У меня хорошая талия, я не любил подтяжек, брюки и без них сидели хорошо, а жена требовала, чтоб я носил подтяжки, — все носят! И — представьте! — на этой почве — подтяжки, гал-стухи, книги — мы с женою драматически ссорились. Я думаю, что она часто устраивала мне сцены из профессиональных побуждений, для практики. Она часто говорила мне: «О, Аркадий, нигилизм не в моде!» Она — неглупая женщина, и даже говорили, писали — талантлива.
Доктор засмеялся — не очень весело, как показалось мне. Потом, извиваясь на земле, сказал:
— Кажется, будет дождь, черт его возьми!
Вынул из кармана брюк войлочную крымскую шляпу и туго натянул ее на свой лысый череп.

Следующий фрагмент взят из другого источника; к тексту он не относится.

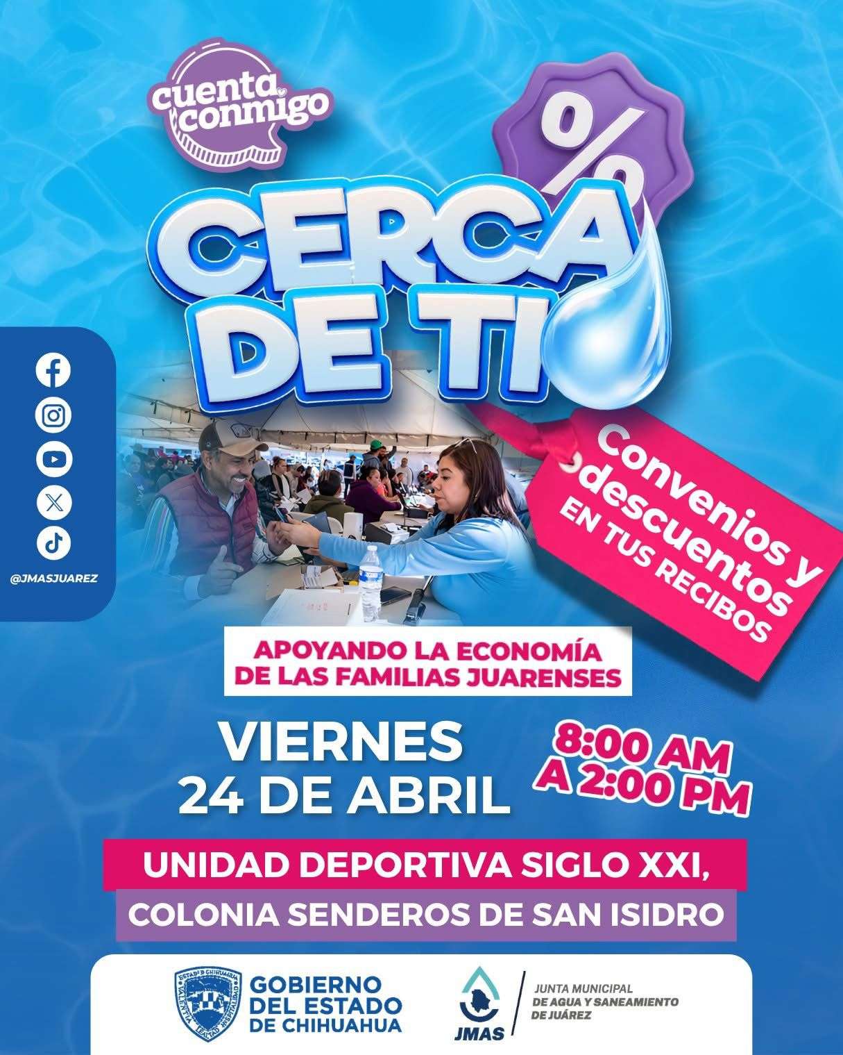 Ciudad Juárez.- Con el objetivo de estar más cerca de las familias juarenses y brindar soluciones reales, la Junta de Agua y Saneamiento de Juárez invita a la ciudadanía a aprovechar la jornada de servicios “Cerca de Ti”, este próximo viernes 24 de abril en la Unidad Deportiva Siglo XXI, ubicada en la calle Monteblanco, en el fraccionamiento Senderos de San Isidro.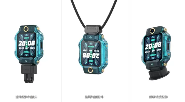有一个设计挺让人惊讶的,我没想到小天才电话手表真会玩,玩起了“分体结构”,即表盘可以从表体中“摘”下来,设计新颖,这种机械美学相当罕见。我看官方有挂绳转接配件、磁吸转接配件,当时索性也给孩子买了,方便佩戴在脖子上、踩单车的时候可以吸附在头盔上,装饰也好,记录也罢,一种产品有多种形态的变化,设计的确巧妙。
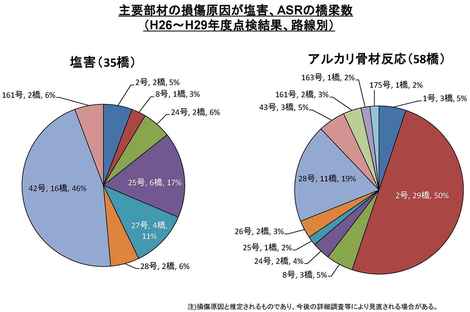 塩害は35橋、ASRは58橋で発生している疑いあり

— Рассказывать — долго. И — скучно. Мораль — проста: если я осужден на смерть, я имею право жить, как хочу. Человеческие законы совершенно не нужны мне, если стихийный закон всеобщего уничтожения обязателен и для меня. Вы меня встретили там, на Кубани, как раз в те дни, когда я догадывался об этом. Но, разумеется, идея пришла постфактум, как говорили римляне, лучшие люди мира, ибо всякий сентиментализм, гуманизм и прочее такое было органически, решительно враждебно им. Идеи всегда являются после фактов, их вызывает наша дурная привычка оправдываться, объясняться. Зачем оправдываться? Не знаю. Да. В сущности, я отошел, потому что захотел, а объяснение явилось потом. Уродливо много в жизни нашей обязанностей, ответственностей и прочих комедий. Не хочу комедии, сказал я сам себе и — раскланялся с культурой. С того дня прошло — лет десять. Я прожил их очень интересно, вполне независимо и надеюсь так же прожить еще лет десяток. Ну-с, спасибо за компанию и — до свидания в лучшем мире!